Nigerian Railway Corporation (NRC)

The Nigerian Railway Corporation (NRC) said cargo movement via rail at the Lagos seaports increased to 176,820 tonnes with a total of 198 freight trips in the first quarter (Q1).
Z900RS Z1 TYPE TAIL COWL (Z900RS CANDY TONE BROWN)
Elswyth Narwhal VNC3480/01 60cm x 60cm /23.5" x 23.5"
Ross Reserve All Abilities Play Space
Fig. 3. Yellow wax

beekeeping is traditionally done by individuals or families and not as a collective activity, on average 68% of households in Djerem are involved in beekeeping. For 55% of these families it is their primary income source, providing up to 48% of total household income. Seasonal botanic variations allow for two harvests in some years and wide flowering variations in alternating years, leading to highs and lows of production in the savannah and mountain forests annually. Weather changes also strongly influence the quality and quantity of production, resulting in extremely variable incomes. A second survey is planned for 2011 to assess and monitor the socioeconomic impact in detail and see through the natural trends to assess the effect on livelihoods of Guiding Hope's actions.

........

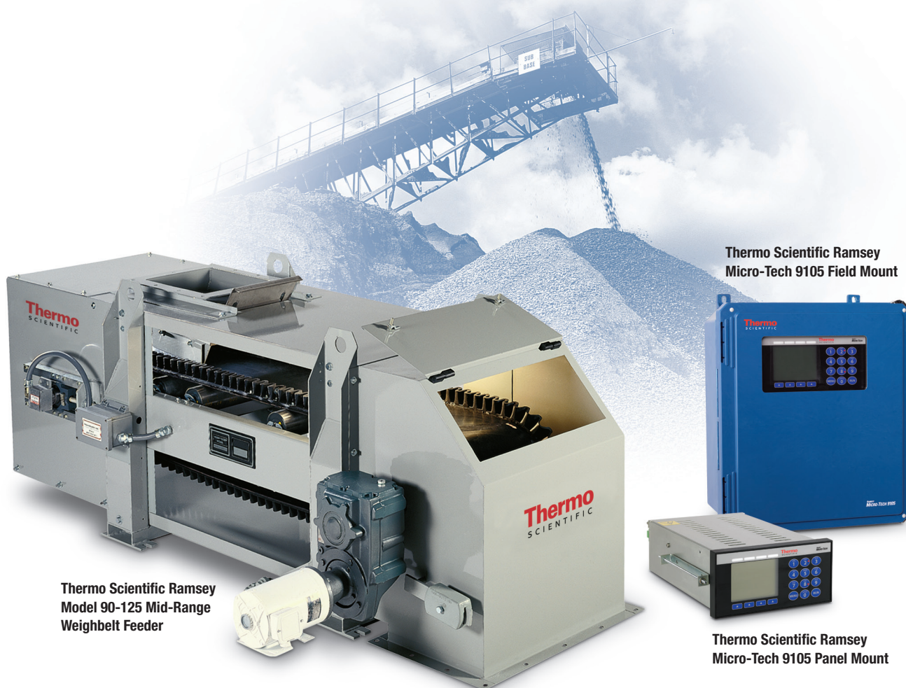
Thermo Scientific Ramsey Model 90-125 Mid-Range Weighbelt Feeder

........

• [ABOUT THIS EXERCISE] The expected output is exactly the lines of the listing above between the line holding "Elswyth Narwhal VNC3480/01" and the line holding "Fig. 3. Yellow wax", inclusive.

• [YOUR RESPONSE]
Elswyth Narwhal VNC3480/01 60cm x 60cm /23.5" x 23.5"
Ross Reserve All Abilities Play Space
Fig. 3. Yellow wax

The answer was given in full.